- _Material supplied_
◆ ◆ ◆
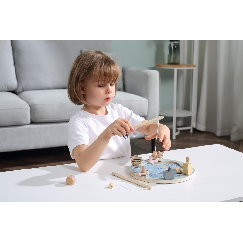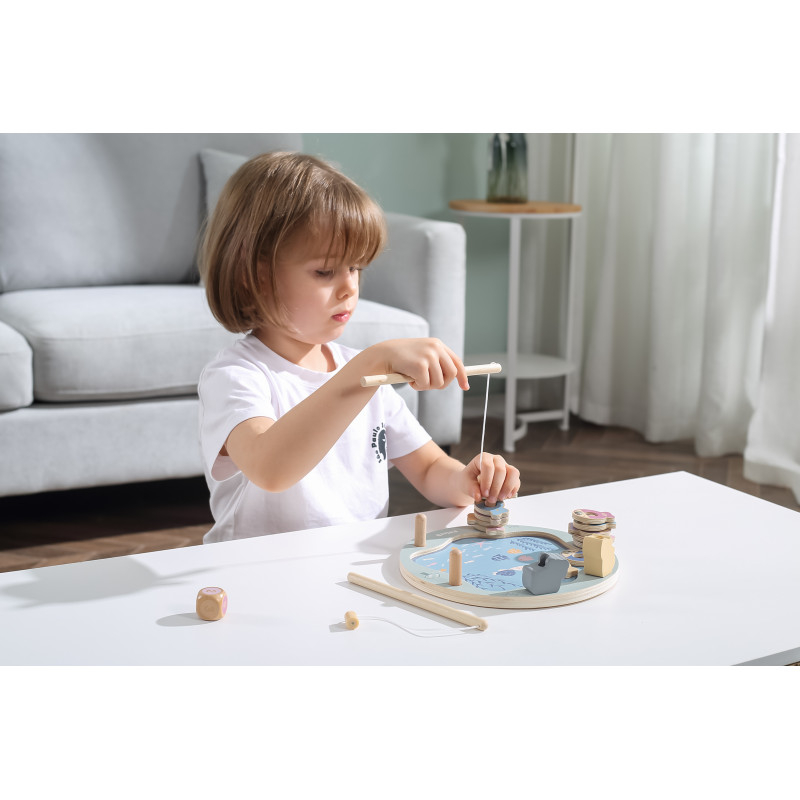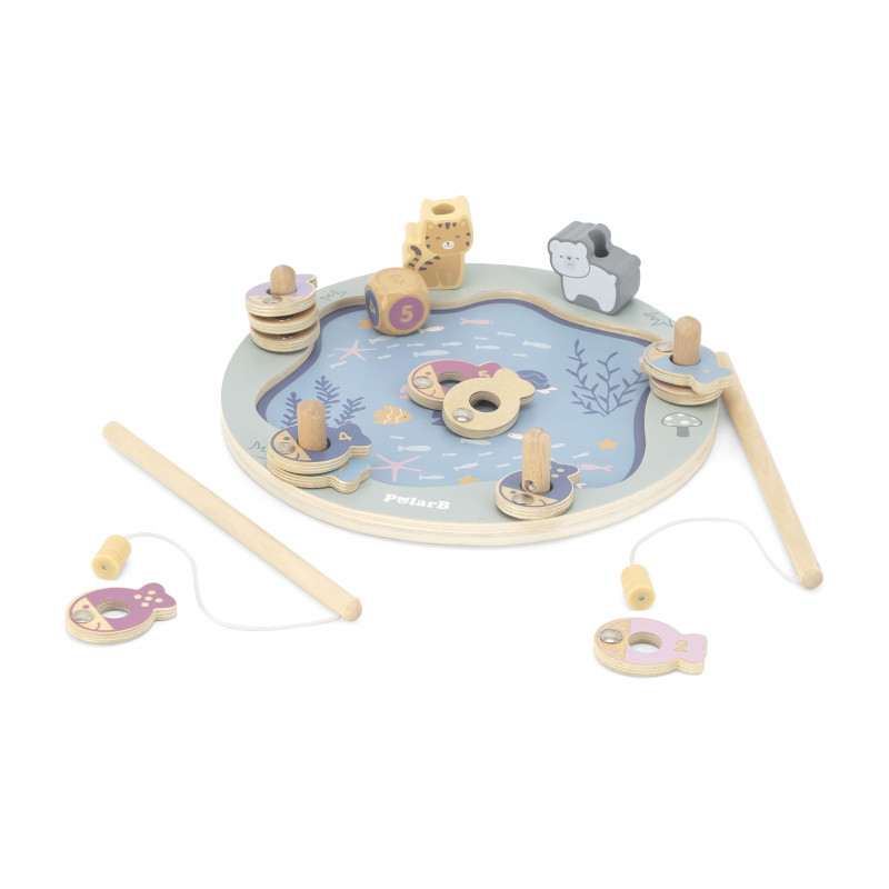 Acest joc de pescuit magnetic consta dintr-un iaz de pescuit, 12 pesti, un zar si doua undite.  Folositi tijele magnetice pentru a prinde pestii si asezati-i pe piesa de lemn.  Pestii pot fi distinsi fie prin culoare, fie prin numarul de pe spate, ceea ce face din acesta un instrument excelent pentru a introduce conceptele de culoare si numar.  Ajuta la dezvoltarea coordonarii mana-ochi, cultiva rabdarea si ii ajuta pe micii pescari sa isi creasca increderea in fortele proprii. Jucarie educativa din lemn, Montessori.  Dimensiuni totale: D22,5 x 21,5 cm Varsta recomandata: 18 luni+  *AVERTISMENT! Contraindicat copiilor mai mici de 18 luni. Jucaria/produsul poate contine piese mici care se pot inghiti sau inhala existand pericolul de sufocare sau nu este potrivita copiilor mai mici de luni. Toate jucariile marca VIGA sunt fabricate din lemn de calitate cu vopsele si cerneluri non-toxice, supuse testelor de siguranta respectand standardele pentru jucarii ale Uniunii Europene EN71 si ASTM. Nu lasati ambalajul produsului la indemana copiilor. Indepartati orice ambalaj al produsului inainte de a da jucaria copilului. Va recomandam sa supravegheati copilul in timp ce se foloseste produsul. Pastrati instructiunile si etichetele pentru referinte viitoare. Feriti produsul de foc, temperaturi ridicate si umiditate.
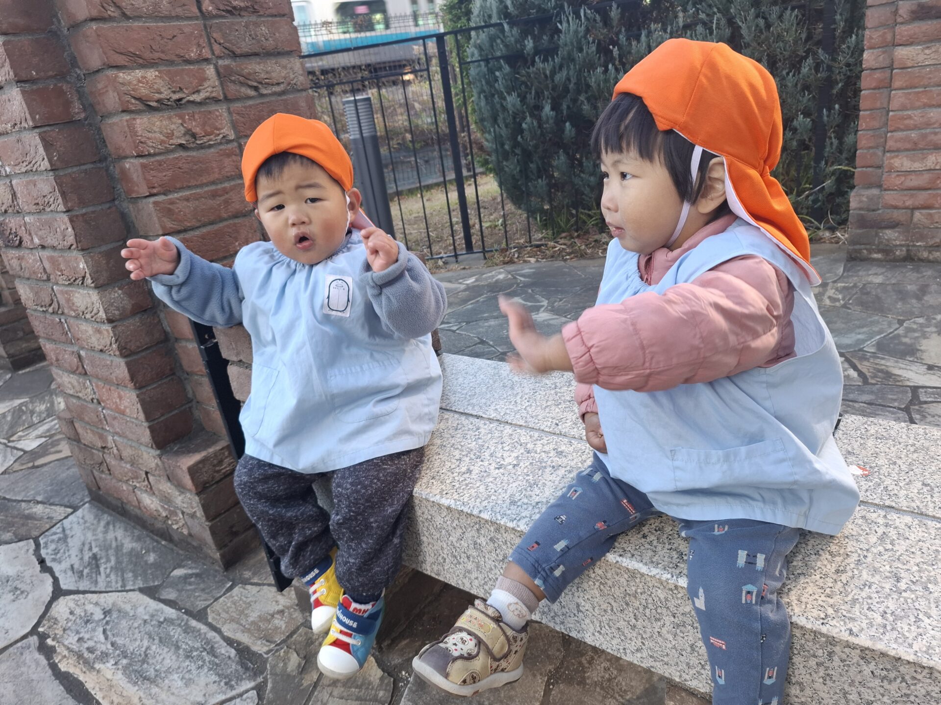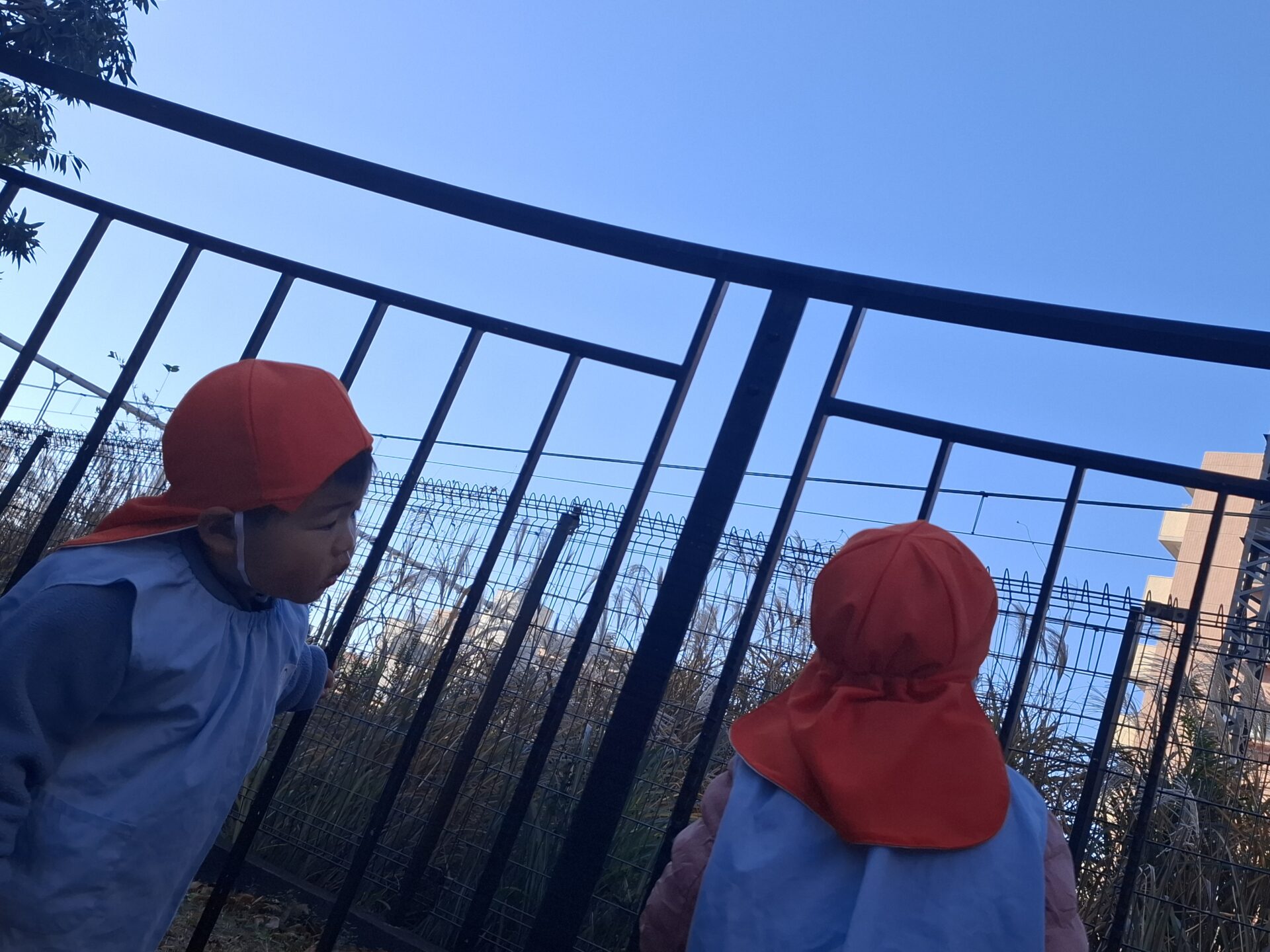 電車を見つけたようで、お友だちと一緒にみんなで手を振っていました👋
◆ ◆ ◆
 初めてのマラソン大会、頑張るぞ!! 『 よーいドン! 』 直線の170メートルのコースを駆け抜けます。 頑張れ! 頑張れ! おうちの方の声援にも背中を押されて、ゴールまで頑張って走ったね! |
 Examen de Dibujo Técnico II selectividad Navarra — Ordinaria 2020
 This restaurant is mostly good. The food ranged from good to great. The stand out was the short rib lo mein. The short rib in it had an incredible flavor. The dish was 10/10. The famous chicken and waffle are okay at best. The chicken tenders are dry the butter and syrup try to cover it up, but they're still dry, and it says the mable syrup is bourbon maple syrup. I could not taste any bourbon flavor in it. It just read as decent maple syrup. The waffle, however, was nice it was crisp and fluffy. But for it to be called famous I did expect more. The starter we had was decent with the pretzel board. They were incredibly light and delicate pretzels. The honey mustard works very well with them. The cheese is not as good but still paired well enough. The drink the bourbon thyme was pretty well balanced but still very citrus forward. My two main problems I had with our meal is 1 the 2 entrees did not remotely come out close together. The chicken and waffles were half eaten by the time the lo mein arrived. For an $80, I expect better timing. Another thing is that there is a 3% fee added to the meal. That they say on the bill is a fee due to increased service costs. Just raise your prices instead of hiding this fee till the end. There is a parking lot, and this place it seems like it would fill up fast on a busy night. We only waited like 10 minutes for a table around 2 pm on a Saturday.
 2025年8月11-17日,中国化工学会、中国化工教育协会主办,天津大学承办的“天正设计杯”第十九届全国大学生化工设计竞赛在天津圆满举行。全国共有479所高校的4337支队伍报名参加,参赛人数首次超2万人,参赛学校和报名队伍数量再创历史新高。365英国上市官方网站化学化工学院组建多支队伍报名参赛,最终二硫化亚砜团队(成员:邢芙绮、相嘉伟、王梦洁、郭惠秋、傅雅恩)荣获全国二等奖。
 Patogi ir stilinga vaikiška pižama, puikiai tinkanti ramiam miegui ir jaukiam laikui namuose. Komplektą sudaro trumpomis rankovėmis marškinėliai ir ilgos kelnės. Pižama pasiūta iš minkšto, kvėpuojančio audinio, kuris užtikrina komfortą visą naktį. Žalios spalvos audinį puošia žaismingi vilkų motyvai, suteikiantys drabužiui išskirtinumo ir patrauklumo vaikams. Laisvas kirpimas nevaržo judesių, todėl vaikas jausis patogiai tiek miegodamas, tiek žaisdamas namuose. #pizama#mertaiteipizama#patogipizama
◆ ◆ ◆
- _Directions_
Above are entries with pictures among them. Write out exactly the lines from the one containing "Acest joc de" through the one containing "電車を見つけたようで、お友だちと一緒にみんなで手を振っていました👋", ends included, and leave those pictures out.

- _Solution for this task_
 Acest joc de pescuit magnetic consta dintr-un iaz de pescuit, 12 pesti, un zar si doua undite.  Folositi tijele magnetice pentru a prinde pestii si asezati-i pe piesa de lemn.  Pestii pot fi distinsi fie prin culoare, fie prin numarul de pe spate, ceea ce face din acesta un instrument excelent pentru a introduce conceptele de culoare si numar.  Ajuta la dezvoltarea coordonarii mana-ochi, cultiva rabdarea si ii ajuta pe micii pescari sa isi creasca increderea in fortele proprii. Jucarie educativa din lemn, Montessori.  Dimensiuni totale: D22,5 x 21,5 cm Varsta recomandata: 18 luni+  *AVERTISMENT! Contraindicat copiilor mai mici de 18 luni. Jucaria/produsul poate contine piese mici care se pot inghiti sau inhala existand pericolul de sufocare sau nu este potrivita copiilor mai mici de luni. Toate jucariile marca VIGA sunt fabricate din lemn de calitate cu vopsele si cerneluri non-toxice, supuse testelor de siguranta respectand standardele pentru jucarii ale Uniunii Europene EN71 si ASTM. Nu lasati ambalajul produsului la indemana copiilor. Indepartati orice ambalaj al produsului inainte de a da jucaria copilului. Va recomandam sa supravegheati copilul in timp ce se foloseste produsul. Pastrati instructiunile si etichetele pentru referinte viitoare. Feriti produsul de foc, temperaturi ridicate si umiditate.
 電車を見つけたようで、お友だちと一緒にみんなで手を振っていました👋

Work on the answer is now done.